My sentiments exactly! I would like to be "a fly on the wall" on a hunt with one of these guys that keeps saying "it's not worth it" and "you're wasting your time" to hunt KS public land. Why do they assume that they've already done the hunt the correct way and had no success only to determine afterward that "it simply can't be done, because I couldn't do it." That's completely asinine and arrogant at the same time.



bigracklover said:


> Oh so true. A buddy of mine was up in Kansas a few years ago talking to a local farmer. He pointed to a good spot and saw my buddy's confused expression as they looked out over a CRP field, the ol' timer said "you may need trees, but the deer don't" :shade: The hunter took his advice and arrowed a mature buck from a ground blind a few days later.
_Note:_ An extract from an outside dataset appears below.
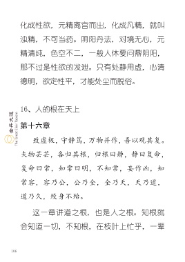 化成性欲,元精离宫而出,化成凡精,就叫 浊精,不可当药。阴阳丹法,对境无心,元 精清纯,色空不二,一般人休要问鼎阴阳, 那不过是性欲的发泄。只有处静用虚,心清 德明,欲定性平,才能处尘而脱俗。 16、人的根在天上 第十六章 致虚极,守静笃,万物并作,吾以观其复。 夫物芸芸,各归其根,归根曰静,静曰复命, 复命曰常,知常曰明,不知常,妄作凶,知 常容,容乃公,公乃全,全乃天,天乃道, 道乃久,殁身不殆。 这一章讲道之根,也是人之根。知根就 会知道一切,不知根,在枝叶上忙乎,一辈 106

That's what I'm talking about! :smile: I've hunted public ground a lot, and my opinion is this, if you're running into a bunch of hunters and can't find seclusion, you're in the wrong spot. When the hunting pressure is on, the deer don't care whether a spot looks "deery" or not. Heck, they might not ever even venture into certain areas UNTIL hunting pressure increases which can put big bucks in the most unassuming spots. 



keb said:


> I hunted public land one hour from KC in Kansas for 9 days, saw no one. Killed a nice buck.
> 
> Tip#1 do what everbody else is doing get what they get.
> 
> ...


You hit the nail on the head! Great advice! All this "can't" and "don't bother" is annoying. Elaborate for us!


----------



## zap (Mar 13, 2008)

alphawolf said:


> Zap,
> 
> I agree with you that there are other hunting methods besides hunting the timber. I definitely went to KS with that in mind. And we are not the type of hunters to give up easily. The only reason we left early was because we had tags for other states and my friend shot a buck in Ohio and I shot one in PA during that week. With vacation time being limited, we went with our best odds. We had tags for Units 12 and 14. We also checked out several other wildlife areas and the WIHAs in both units. When we didn't see anyone else hunting, we didn't find much in the way of deer sign either. Hunting big bucks is not an easy thing for sure, even when you are on prime land. And can it be done on KS public land? Absolutely! I found some dandy buck sign in the Fall River area. But along with it came the pressure. I'm just saying that the areas in general were over pressured and it is an extremely tough task for a non resident who has limited time to do well. If you live there, you would be able to find those little out of the way places. It's the same way around here. I bet if I put you in one of our pressured public areas, you would go home with the same impression I did, because you don't have the advantage of living here and knowing the little soft spots in between pressure.


If thats an invatation I can swing a 10 days this fall to hunt in your neck of the woods.:teeth:
I like the challange of hunting a place I have never been before.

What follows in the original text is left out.